No one voiced what that meant. Everyone knew.

Even a moment spent under Morgane’s mercy was too long. Too late.

“Are her hands clawed?” Beau had muttered a few moments later.

Coco had raised her brows at him. “You were at Modraniht. You saw them.”

“They weren’t clawed.”

“They should’ve been. She should have a wart and a hunchback too, the hackneyed bitch.”

Even Jean Luc cracked a grin. His Balisarda weighed heavy against my chest. At last—when I could stand it no more—I unsheathed it, handing it to him. “Here. Take it.”

His smile slipped, and he missed a step. “Why—why would you give this back to me?”

I curled his fingers around the hilt. “It’s yours. Mine is gone.” When I shrugged, the movement didn’t feel forced. It felt . . . right. Light. A weight lifted from my shoulders. “Perhaps it’s for the best. I’m not a huntsman anymore.”

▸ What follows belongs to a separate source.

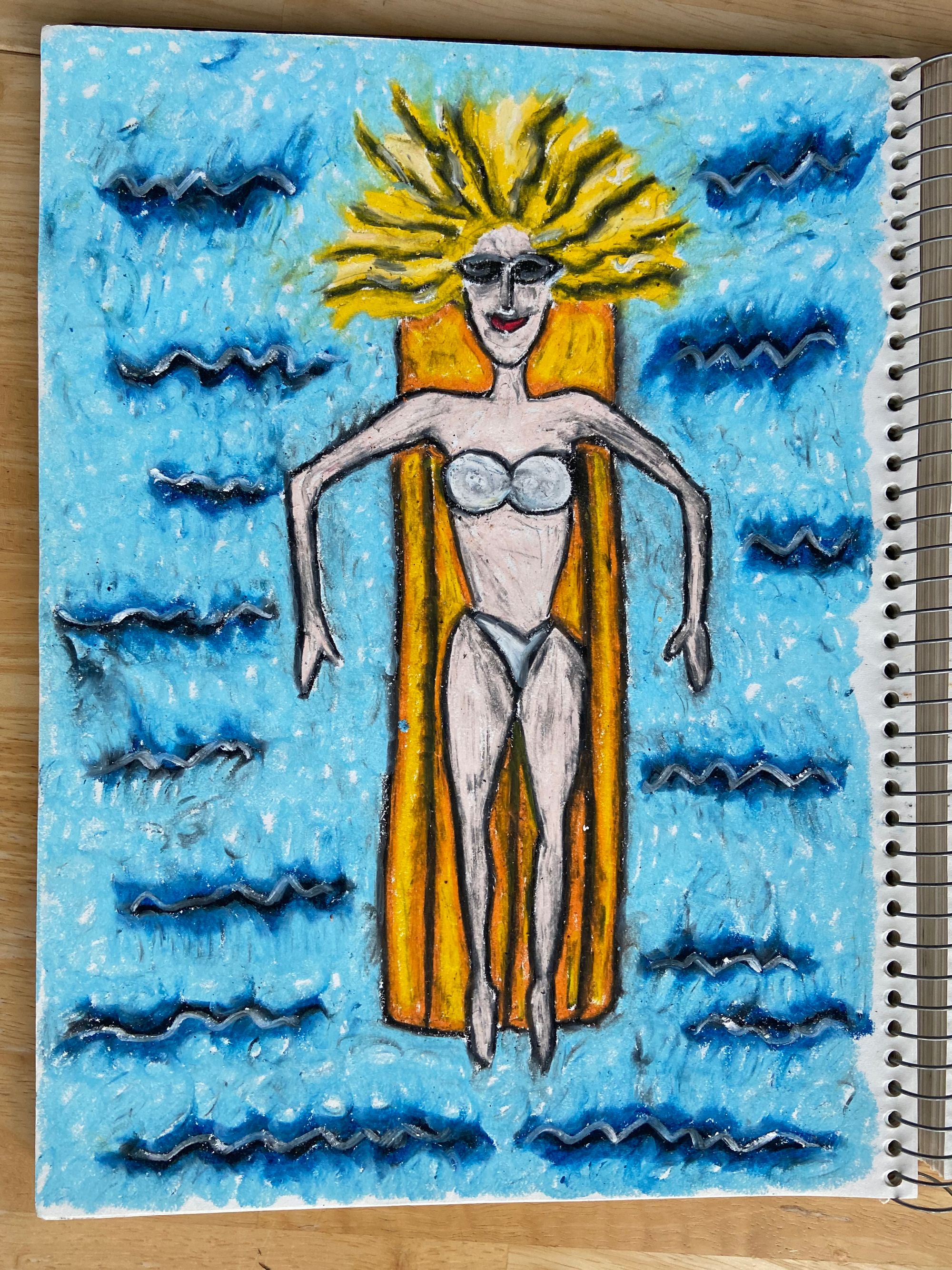 This was done in oil pastel, or, as I like to call them "Adult Crayons". Although they're not suited to any kind of detail, they're fun to use. I call this my brief David Hockney period.

He stared at me. Then the dam broke. “You’re a witch. You killed the Archbishop with . . . magic.” His voice dripped with accusation. With betrayal. But there, in his eye, was a sliver of hope. He wanted me to deny it. He wanted to blame someone else—anyone else—for what had happened to our forefather. In that sliver, I recognized my old friend. He was still in there. Despite everything, he still wanted to trust me. The thought should’ve warmed me, but it didn’t.

That sliver was a lie.

“Yes.” I watched as his hope shriveled, as he physically recoiled from me. Blaise’s gaze touched my cheek, curious—studying—but I ignored him. “I won’t deny it, and I won’t explain myself. I am a witch, and I killed our forefather. The Archbishop didn’t deserve it, but he also wasn’t the man we thought he was.”

Visibly deflating, he scrubbed a hand down his face.

“Mother of God.” When he looked up again, he met my gaze with not camaraderie, exactly, but a sense of resignation. “Have you known all this time?”

“No.”

“Did you enchant him to receive your position?”

“Of course not.”

“And does it . . . feel different?” At this, he swallowed visibly, but he did not look away. In that small act of defiance, I remembered the boy who’d befriended me, cared for me, the one who’d always pulled me up when I fell. The one who’d punched Julien for calling me trash boy. Before the greed had hardened us to each other. Before the envy.